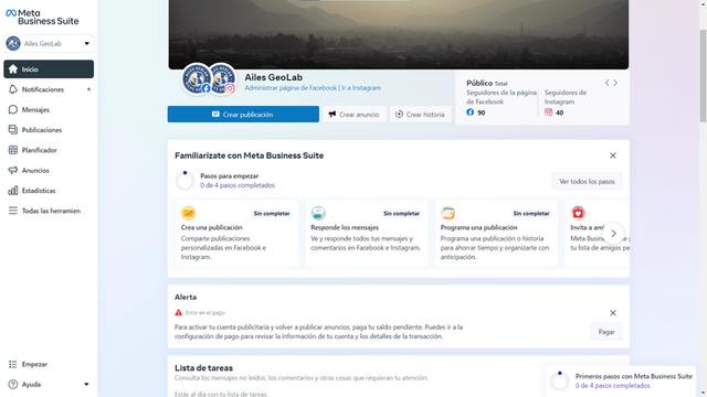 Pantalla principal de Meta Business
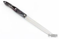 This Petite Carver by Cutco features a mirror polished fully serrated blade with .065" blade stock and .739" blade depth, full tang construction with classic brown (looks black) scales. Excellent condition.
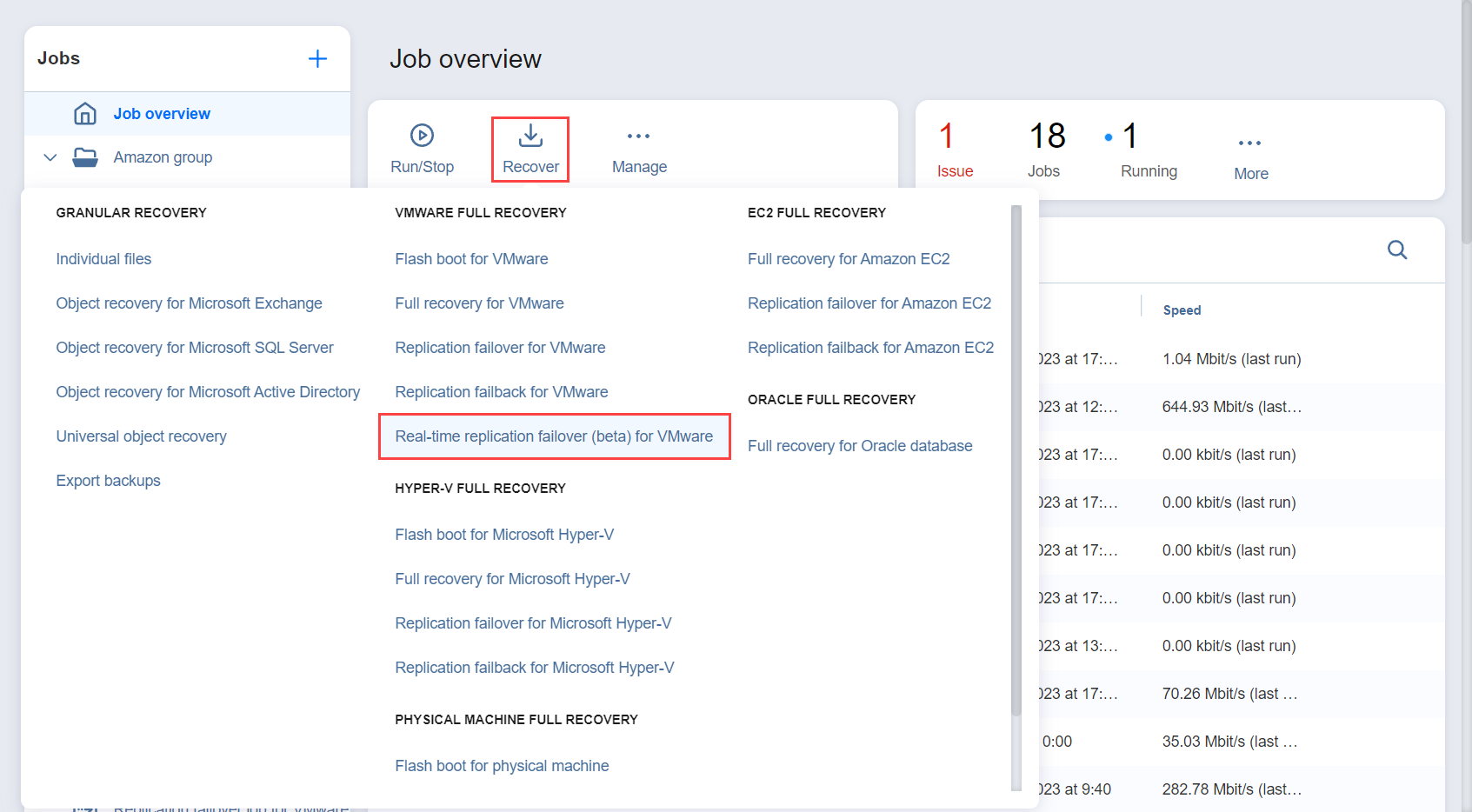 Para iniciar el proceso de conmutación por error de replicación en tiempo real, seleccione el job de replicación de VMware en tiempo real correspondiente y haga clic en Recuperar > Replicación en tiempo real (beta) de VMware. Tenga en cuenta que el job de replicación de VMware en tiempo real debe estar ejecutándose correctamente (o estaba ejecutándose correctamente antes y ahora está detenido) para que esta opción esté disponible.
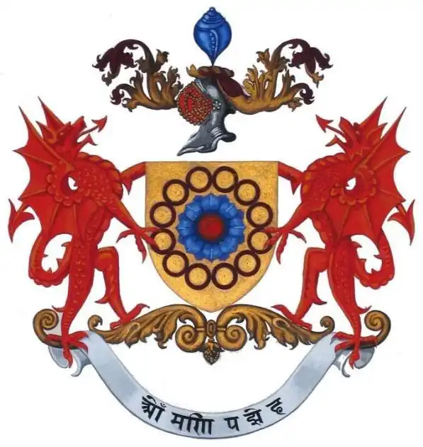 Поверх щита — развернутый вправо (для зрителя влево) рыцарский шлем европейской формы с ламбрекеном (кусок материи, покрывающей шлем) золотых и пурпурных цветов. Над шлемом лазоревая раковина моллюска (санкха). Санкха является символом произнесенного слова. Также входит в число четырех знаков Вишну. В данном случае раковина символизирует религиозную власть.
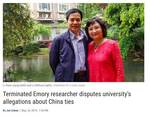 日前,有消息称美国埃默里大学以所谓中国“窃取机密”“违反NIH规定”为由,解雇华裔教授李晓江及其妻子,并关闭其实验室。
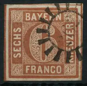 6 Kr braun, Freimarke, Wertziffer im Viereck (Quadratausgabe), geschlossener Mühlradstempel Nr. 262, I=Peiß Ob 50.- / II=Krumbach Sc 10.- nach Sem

= = = =

[Activity]: When the line containing "Поверх щита —" has been located, retype it and each line after it through the end of the records, excluding the pictures and adding nothing else.

[Response for this exercise]:
 Поверх щита — развернутый вправо (для зрителя влево) рыцарский шлем европейской формы с ламбрекеном (кусок материи, покрывающей шлем) золотых и пурпурных цветов. Над шлемом лазоревая раковина моллюска (санкха). Санкха является символом произнесенного слова. Также входит в число четырех знаков Вишну. В данном случае раковина символизирует религиозную власть.
 日前,有消息称美国埃默里大学以所谓中国“窃取机密”“违反NIH规定”为由,解雇华裔教授李晓江及其妻子,并关闭其实验室。
 6 Kr braun, Freimarke, Wertziffer im Viereck (Quadratausgabe), geschlossener Mühlradstempel Nr. 262, I=Peiß Ob 50.- / II=Krumbach Sc 10.- nach Sem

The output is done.